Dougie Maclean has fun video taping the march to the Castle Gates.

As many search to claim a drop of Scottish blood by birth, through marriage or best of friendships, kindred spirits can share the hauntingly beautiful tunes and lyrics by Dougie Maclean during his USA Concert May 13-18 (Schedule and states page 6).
...
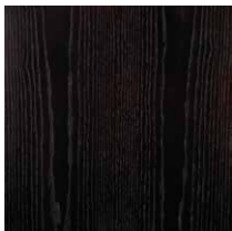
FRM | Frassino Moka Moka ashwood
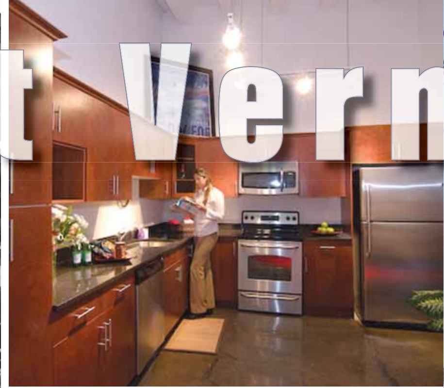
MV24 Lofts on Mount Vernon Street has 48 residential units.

* _What the exercise asks_: Extract every line from the records above that contains the word "Maclean".

* _Solution for this task_:
Dougie Maclean has fun video taping the march to the Castle Gates.
As many search to claim a drop of Scottish blood by birth, through marriage or best of friendships, kindred spirits can share the hauntingly beautiful tunes and lyrics by Dougie Maclean during his USA Concert May 13-18 (Schedule and states page 6).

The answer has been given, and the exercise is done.